Tunnellösung unvoreingenommen prüfen
Leserbrief zur Ortsumgehung in Straßenhaus
Wäre ein Spatenstich für die Ortsumgehung Straßenhaus schon in wenigen Wochen möglich, wenn die Landesregierung Baurecht geschaffen hätte? Herr Rüddel schürt in der Bevölkerung unrealistische Erwartungen. Die Ortsumgehung Straßenhaus ist sehr wohl zum Bundesverkehrswegeplan angemeldet: lfd. Nr. 1513, RP82, vorrangiger Bedarf.

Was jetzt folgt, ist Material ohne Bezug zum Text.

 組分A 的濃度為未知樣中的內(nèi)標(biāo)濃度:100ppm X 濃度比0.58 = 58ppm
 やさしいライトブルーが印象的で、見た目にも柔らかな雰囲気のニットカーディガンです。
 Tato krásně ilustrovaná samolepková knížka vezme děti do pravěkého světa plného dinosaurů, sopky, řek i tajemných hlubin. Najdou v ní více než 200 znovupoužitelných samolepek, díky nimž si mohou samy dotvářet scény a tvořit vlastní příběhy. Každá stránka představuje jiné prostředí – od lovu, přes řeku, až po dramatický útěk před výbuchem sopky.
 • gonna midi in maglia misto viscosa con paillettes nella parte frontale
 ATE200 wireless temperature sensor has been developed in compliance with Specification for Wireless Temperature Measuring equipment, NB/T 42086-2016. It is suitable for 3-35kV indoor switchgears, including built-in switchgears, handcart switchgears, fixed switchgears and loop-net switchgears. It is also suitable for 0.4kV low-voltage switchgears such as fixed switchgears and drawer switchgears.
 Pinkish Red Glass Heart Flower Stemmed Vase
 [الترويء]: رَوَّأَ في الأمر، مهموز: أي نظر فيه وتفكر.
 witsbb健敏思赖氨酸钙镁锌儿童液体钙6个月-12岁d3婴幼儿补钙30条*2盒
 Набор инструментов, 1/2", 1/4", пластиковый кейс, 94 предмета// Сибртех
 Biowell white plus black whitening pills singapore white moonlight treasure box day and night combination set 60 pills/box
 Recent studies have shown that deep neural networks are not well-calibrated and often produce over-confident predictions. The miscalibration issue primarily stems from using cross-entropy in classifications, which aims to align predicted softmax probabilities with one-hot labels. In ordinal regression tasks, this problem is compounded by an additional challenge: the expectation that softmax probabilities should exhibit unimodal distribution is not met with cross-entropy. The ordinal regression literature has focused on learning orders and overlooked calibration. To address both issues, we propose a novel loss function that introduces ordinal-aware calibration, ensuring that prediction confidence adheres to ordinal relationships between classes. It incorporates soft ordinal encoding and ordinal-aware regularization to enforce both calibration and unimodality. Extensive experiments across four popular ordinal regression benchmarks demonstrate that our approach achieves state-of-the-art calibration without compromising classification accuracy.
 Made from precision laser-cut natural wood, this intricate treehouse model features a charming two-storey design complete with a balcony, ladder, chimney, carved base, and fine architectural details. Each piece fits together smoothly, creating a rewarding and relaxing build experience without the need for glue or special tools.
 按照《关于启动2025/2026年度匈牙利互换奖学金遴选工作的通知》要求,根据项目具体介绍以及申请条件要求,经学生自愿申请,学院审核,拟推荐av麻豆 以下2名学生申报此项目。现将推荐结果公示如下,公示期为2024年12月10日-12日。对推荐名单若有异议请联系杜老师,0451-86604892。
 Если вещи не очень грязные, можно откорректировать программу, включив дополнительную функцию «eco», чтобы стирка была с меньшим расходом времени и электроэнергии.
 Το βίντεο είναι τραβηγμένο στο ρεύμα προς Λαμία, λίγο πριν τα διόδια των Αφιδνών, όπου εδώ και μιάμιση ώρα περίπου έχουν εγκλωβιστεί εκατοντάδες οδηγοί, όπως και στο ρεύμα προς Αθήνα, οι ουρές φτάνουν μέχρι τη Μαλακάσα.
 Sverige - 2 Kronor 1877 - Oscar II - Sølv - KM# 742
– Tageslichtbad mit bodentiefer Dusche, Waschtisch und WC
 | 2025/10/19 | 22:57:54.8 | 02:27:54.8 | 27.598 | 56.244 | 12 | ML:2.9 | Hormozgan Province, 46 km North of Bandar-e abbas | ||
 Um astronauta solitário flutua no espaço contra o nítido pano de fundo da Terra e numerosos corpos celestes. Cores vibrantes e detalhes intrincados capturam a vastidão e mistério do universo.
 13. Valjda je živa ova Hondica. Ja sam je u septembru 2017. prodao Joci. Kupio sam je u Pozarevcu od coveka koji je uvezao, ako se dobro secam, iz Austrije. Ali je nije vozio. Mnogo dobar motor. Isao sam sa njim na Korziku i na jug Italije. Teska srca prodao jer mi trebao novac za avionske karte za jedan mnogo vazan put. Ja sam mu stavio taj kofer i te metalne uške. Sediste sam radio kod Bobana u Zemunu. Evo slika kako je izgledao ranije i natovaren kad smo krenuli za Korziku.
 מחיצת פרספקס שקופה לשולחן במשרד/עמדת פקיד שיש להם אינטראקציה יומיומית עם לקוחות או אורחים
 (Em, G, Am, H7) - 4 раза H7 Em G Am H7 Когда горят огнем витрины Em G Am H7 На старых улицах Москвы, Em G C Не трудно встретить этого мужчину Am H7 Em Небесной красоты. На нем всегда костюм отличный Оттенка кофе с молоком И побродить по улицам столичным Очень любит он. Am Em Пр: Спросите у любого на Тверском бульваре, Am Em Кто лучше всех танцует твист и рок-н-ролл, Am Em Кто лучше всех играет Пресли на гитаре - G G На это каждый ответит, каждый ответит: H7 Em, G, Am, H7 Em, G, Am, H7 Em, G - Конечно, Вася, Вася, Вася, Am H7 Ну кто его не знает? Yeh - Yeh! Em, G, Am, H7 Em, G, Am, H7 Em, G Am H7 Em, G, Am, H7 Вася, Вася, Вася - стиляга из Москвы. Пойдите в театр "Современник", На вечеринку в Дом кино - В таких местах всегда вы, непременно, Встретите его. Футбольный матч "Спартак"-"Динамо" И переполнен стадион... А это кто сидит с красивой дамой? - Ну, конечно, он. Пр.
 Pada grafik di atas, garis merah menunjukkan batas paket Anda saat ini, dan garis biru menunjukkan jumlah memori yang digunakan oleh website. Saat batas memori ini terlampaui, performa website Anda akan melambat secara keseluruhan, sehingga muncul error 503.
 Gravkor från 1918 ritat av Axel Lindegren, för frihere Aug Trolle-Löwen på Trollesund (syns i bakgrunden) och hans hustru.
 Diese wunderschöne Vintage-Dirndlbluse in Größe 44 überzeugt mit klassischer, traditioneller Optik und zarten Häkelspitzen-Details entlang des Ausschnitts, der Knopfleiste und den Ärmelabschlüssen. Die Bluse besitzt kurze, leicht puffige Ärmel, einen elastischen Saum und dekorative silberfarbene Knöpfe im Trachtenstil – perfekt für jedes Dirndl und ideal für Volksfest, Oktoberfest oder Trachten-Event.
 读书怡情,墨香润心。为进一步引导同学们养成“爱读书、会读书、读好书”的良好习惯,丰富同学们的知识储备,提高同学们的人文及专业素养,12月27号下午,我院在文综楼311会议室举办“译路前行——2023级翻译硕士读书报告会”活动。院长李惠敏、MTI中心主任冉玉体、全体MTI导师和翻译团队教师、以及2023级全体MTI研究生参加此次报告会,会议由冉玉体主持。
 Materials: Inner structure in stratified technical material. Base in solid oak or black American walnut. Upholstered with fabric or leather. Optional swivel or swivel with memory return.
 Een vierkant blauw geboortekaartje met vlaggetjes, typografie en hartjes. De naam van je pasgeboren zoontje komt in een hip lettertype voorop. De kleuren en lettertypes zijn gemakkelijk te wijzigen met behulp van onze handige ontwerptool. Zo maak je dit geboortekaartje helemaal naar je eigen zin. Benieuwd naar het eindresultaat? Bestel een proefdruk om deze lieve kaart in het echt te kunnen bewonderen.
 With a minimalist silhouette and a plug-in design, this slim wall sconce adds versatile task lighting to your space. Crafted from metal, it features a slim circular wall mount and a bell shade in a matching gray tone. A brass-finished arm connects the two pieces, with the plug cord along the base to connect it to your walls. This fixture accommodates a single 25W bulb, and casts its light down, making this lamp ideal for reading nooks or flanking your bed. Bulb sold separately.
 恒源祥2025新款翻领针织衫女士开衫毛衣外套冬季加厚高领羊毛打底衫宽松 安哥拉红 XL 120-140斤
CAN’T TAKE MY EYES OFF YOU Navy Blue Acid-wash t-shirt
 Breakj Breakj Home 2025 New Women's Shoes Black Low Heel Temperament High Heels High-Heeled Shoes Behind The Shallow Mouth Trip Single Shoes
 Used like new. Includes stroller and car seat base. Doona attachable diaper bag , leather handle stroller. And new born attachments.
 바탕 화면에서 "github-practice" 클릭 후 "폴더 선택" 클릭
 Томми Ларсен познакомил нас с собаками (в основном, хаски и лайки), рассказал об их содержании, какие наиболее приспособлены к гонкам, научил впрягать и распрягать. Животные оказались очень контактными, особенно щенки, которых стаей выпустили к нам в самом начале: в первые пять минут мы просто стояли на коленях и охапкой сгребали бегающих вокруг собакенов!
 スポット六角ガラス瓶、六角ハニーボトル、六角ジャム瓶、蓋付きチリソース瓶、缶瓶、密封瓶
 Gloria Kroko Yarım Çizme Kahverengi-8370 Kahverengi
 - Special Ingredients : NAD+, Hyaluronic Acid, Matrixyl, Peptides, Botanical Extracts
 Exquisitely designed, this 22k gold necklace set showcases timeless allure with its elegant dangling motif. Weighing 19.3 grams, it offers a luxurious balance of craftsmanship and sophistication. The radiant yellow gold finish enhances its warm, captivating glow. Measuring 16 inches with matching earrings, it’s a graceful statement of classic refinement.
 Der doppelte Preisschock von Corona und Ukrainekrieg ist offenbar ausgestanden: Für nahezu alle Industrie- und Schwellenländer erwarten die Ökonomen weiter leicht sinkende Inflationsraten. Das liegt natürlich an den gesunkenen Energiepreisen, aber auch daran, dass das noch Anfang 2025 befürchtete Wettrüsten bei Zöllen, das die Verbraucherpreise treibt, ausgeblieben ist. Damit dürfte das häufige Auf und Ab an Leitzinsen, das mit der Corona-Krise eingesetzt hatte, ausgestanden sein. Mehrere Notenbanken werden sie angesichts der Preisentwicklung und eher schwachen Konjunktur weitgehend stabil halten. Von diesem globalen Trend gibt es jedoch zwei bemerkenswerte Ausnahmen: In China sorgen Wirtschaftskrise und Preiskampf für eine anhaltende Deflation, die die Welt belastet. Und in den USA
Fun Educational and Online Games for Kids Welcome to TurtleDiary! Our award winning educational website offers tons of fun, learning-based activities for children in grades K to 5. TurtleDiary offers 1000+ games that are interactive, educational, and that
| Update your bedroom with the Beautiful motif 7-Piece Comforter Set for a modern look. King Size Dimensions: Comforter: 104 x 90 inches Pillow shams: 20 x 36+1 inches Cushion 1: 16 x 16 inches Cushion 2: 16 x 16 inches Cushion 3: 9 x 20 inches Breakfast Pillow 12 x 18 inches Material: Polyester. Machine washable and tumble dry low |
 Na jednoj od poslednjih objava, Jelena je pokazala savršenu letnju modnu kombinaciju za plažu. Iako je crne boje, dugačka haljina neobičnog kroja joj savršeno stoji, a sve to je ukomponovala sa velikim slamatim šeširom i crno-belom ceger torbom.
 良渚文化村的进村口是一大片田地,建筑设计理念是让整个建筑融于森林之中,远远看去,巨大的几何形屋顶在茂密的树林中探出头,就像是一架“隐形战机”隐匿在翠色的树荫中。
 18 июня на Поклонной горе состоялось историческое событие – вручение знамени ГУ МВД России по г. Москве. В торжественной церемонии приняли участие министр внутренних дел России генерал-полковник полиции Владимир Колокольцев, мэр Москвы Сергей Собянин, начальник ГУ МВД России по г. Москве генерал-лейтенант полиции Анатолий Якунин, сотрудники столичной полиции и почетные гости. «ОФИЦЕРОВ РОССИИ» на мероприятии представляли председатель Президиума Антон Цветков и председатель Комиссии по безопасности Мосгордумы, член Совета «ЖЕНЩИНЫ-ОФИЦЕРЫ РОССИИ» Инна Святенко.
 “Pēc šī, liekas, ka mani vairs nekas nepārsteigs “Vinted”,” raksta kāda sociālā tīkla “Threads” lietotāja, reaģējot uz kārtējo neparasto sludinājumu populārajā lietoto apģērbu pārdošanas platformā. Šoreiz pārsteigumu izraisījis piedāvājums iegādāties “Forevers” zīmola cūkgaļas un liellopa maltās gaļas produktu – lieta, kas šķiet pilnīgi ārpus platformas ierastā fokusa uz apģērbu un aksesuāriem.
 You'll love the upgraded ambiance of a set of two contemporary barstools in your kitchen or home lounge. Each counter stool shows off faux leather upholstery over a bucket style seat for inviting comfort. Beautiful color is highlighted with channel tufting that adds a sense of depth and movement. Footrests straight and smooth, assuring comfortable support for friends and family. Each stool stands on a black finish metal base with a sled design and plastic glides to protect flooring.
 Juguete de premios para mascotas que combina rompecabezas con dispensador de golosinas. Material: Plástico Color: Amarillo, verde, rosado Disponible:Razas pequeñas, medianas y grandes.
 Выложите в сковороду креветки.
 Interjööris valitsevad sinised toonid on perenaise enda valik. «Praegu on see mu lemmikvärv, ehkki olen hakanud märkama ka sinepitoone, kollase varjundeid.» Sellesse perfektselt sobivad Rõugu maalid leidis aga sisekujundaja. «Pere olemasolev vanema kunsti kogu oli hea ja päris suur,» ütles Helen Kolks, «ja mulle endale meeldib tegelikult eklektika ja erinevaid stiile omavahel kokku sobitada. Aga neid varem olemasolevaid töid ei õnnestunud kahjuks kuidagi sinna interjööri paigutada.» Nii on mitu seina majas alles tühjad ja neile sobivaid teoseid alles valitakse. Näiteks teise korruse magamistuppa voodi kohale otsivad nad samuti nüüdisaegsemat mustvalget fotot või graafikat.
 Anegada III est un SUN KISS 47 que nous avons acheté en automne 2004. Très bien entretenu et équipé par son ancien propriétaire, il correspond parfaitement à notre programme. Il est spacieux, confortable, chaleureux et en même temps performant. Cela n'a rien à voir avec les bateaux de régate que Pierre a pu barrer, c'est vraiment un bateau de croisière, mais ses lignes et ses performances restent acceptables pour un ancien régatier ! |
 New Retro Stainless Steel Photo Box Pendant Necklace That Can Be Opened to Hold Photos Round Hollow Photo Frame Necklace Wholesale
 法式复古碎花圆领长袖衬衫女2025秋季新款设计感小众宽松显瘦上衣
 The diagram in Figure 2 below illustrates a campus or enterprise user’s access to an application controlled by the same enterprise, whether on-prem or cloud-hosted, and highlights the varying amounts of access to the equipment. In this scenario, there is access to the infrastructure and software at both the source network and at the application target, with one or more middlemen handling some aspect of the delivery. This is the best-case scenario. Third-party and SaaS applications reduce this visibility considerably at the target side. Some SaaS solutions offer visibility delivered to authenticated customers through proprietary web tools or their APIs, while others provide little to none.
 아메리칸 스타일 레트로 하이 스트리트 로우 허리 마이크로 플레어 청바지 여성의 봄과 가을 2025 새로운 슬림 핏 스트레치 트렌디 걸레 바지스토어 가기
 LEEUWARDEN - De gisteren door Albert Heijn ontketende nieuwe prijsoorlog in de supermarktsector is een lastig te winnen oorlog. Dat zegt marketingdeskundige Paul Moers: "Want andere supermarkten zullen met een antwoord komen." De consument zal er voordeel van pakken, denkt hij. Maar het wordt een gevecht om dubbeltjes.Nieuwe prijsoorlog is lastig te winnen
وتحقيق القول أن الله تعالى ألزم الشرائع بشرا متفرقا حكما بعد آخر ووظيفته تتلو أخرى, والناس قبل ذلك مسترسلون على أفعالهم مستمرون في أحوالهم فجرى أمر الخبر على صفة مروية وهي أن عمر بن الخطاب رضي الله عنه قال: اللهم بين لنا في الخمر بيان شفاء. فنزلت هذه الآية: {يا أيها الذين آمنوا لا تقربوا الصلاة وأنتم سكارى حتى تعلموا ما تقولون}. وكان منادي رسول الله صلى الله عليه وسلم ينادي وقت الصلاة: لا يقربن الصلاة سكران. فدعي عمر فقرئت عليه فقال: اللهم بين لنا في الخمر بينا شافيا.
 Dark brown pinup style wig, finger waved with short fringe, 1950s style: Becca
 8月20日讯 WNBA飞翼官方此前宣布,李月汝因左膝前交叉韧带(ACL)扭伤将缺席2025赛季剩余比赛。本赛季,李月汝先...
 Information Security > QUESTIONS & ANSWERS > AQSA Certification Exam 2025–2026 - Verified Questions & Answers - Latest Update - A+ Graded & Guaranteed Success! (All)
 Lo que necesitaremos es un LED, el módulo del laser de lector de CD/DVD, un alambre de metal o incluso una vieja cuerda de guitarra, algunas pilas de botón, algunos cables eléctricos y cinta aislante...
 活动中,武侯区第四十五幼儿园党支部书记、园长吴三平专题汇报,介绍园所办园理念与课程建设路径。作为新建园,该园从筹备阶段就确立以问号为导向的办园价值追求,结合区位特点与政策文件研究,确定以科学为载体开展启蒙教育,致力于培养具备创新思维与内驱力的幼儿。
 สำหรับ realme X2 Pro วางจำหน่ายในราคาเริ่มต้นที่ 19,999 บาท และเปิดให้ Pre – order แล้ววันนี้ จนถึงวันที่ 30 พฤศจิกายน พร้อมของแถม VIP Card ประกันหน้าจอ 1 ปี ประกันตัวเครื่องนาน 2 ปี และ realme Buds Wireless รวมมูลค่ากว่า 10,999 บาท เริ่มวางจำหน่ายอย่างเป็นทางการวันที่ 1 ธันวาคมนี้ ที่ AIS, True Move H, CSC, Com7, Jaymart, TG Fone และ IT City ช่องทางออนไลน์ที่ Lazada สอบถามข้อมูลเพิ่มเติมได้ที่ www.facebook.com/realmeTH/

Aber: Laut Landesbetrieb Mobilität kommt das erforderliche Planfeststellungsverfahren erst 2017. Es werden Verzögerungen folgen durch Einsprüche der Bürger, die gegen die Entlastung eines Gewerbe- und Mischgebietes (30 Häuser) auf Kosten eines reinen Wohngebietes (80 Häuser) sind. Die Ortsumgehung würde 230.000 Quadratmeter Fläche beanspruchen; dafür sind Enteignungsverfahren durchzuführen. Allein das dauert regelmäßig mehrere Jahre. Dann kommt (vielleicht) das Baurecht.
In der Zwischenzeit kann auf einer wahrheitsgemäßen Basis das Thema Tunnel angegangen werden, das von einem Ingenieurbüro mit völlig überzogenen Aufwandsangaben abgeschmettert werden sollte. Die in der Bürgerversammlung verkündeten Kosten sind im Vergleich zu vielen realisierten Tunnelprojekten abenteuerliche Übertreibungen. Vernünftig geplant würde der Baubeginn des Tunnels deutlich vor dem Spatenstich für eine Ortsumgehung liegen. Auch die Ausführungsdauer ist kürzer. Die anvisierten Ziele sind mit Tunnel schneller erreichbar, ohne Neubelastungen für Anwohner einer unsäglichen Trenn-Trasse, ohne Widerstände aus der Bevölkerung. Nur die Politiker und Planer müssten schlauer werden, sich der Tunnellösung einmal unvoreingenommen zuwenden. Mit bewilligten Geldern aus dem Bundesverkehrswegeplan - über den im Herbst 2015 entschieden werden soll - kann auch ein Tunnel gebaut werden.